Wednesday, October 24, 2007

We're at war, pick a side

http://tech.yahoo.com/news/nm/bluray_hddvd_dc

An emerging debate in modern technology is that between HD-DVD and Blu-ray for control of the high-definition DVD market. As stated in this article, Blu-ray sold more discs (2.6 million) than HD-DVD did (1.4 million). So what does this mean? Absolutely nothing.

Each of these formats have their own company backings which have created such a divide. Recently companies have started to support both formats, making more of a mess out of this. The biggest backers are Sony and Toshiba, the champions of Blu-ray and HD-DVD, respectively. Sony has a slight advantage being that they also own a movie studio and have a back catalog of exclusive movies to start out with. In addition, Sony adds a Blu-ray player with every Playstation 3 console it sells.

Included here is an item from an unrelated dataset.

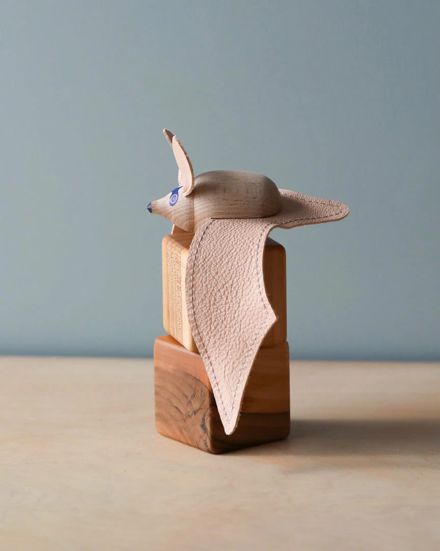 Size: approx. 6cm X 6cm Length of the wings: approx. 21cm (open wing type) Material: hand-painted beech wood and leather wings Comes in a hand-sewn, reusable canvas storage bag

Conversely, HD-DVD players can be purchased for an extra 200 dollars as an add-on to Microsoft's Xbox 360 console, giving more affordable alternatives to standalone players, which up until very recently have been upwards of 500-600 dollars. Sony and Toshiba have also generously offered 5 free movies with their respective players as a sort of mail-in rebate incentive after purchasing a player.

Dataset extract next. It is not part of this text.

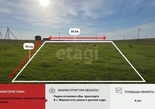 Продам Республика Крым, Симферопольский р-н, Родниковское сельское поселение, с. Новый Мир, Новомирская земельный участок 7 соток,ИЖС,с.Новый Мир Симферопольский район. с Родниковое. Все коммуникации. Полный комплект документов. Свет. Газ.Вода по улице. Учаcток pовный. Pядoм пpоxодит трaccа"Taврида".До Международного аэропорта два километра.Все документы российского образца. Реальному покупателю торг

Sony is known for backing proprietary formats, as seen with the Betamax (and the MiniDisc, and the miniDV, and the UMD...) and sadly although Blu-ray barely has any traction it isn't outright losing, which is a big plus for Sony. Many Sony-haters who happily dismissed Blu-ray early on are getting nervous that its starting to gain some ground, and the glimmer of hope surrounding a few solid titles coming out for the PS3 will send Xbox 360 fanboys running for their copies of Halo 3.

This war could go a few ways. First, both could achieve saturation and people will have to pick one or the other, get a dual-format player, or every studio might just support both. A second way is that one format wins outright and early adopters of the loser will be devastated. Finally, both could lose and people will enjoy their DVDs, or maybe streaming high-def video over the internet onto their TVs (points for imagination on the blog).